On 2020-09-03 14:47 -0700, Christian Stewart spake thusly:
> On Thu, Sep 3, 2020 at 1:44 PM Yann E. MORIN <yann.morin.1998 at free.fr> wrote:
> > On 2020-09-03 12:40 -0700, Christian Stewart spake thusly:
[--SNIP--]
> People are going to take Buildroot and store a private copy of it on
> their internal server, make modifications?
> 
> All of this on a GPLv2 licensed project? I thought this wasn't legal?

Of course this is totally legit. You do it all the time when you giot
clone toyour local machine and do modifications, for example.

> For br2-external packages you can relax the LICENSE requirement.

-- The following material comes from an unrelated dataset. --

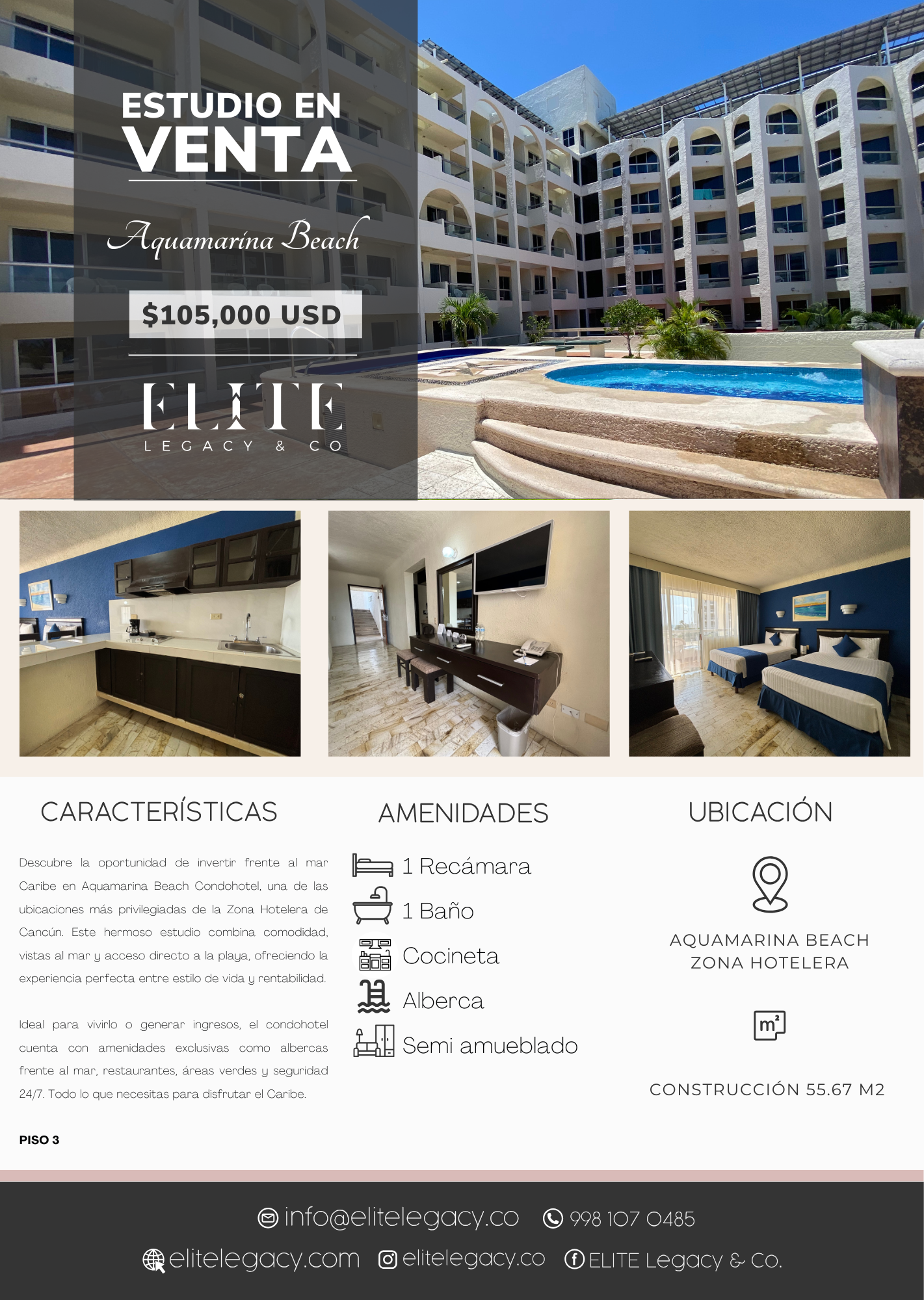 Descubre la oportunidad de invertir frente al mar Caribe en Aquamarina Beach Condohotel, una de las ubicaciones más privilegiadas de la Zona Hotelera de Cancún. Este hermoso estudio combina comodidad, vistas al mar y acceso directo a la playa, ofreciendo la experiencia perfecta entre estilo de vida y rentabilidad.

But in the Buildroot infra, we do not treat packages from br2-external
differently from in-tree packages.

> > The packages at stake here are non-public packages that people write as
> > part of their day-time job in their company. It is totally possible that
> > someone belives it would be "easier" to have the source of a dependency
> > bundled in their proprietary package.
> 
> That's fine, but that would go into br2-external as you've said.

No.

> > Which is *exactly* the case about a proprietary package vendoring a set
> > of external libraries.
> 
> If proprietary package is importing some external libraries that may
> be permissively licensed, even requiring redistribution in source
> form, without the proprietary section - how do you redistribute those
> dependencies separately?

Redistribution is the role of legal-info, see below how I suggest this
is handled.

> > > We're enforcing hash checks on these bundles. The format may not
> > > always be the same across versions. Storing the source code before
> > > it's extracted into a vendor tree is the only way to be sure that the
> > > hashes won't change between iterations of the package manager.
> >
> > If a package vendors unversioned dependencies, then indeed we can't add
> > hashes for that package, because two builds may get different stuff for
> > each such vendored dependency, like we don;t add hashes for stuff we
> > know is not reproducible (bzr, cvs, hg for example).
> 
> I don't understand what you're saying here. It should not be possible
> to have the package manager bring in arbitrary dependencies at build
> time. Buildroot builds are meant to produce the same output every
> time, right?

For example, dependencies in npm are loose, where yiou can say "I need
package bar at version 1.x". So at some point, the 'x' in '1.x' will
match the latest '1.1' and use that, but the next day, '1.2' might get
released, and the 'x' would match that. So if bar 1.2 brings in a new
dependency,or a new version of an existing dependency, two builds do not
provide the same output and are thus not reproducible.

See:
    https://docs.npmjs.com/files/package.json#dependencies
    https://docs.npmjs.com/misc/semver

> > > It's
> > > also the only way to redistribute the source code packages for the
> > > libraries independently from the proprietary part,
> >
> > Except as I explained, it does not work in case the dependencies have
> > dependencies to other proprietary packages, at an arbitrary depth...
> 
> I don't understand what you're saying here.
> 
> Package A (in buildroot) imports package B. Package B imports
> proprietary package C.

That is the other way around: the top-leval package is proprietary, and
it imports FLOSS packages:

  - foo is proprietary
    - foo vendors bar
      - bar is proprietary
        - bar vendors buz, which is FLOSS (e.g. MIT, LGPL...)
          - buz vendors ni
            - ni is FLOSS...
    - foo vendors doh
      - doh is FLOSS...
        - doh vendors bla
          - bla is FLOSS...

> > With my proposal, it would not be: there would be a single archive, for
> > which we have hashes. Then when we call legal-info, the package filter
> > is applied to generate a new archive in legal-info, which only contains
> > the filterd files.
> 
> Yes this is simpler but it won't work in every case. The vendor tree
> or the node_modules tree might have some minor things changed about it
> which will break the hash.

Then if the package manager can not generate reproducible archives, we
can't have hashes for it, period.

> Node-modules also often contains symlinks
> and binaries prepared for the particular host build system.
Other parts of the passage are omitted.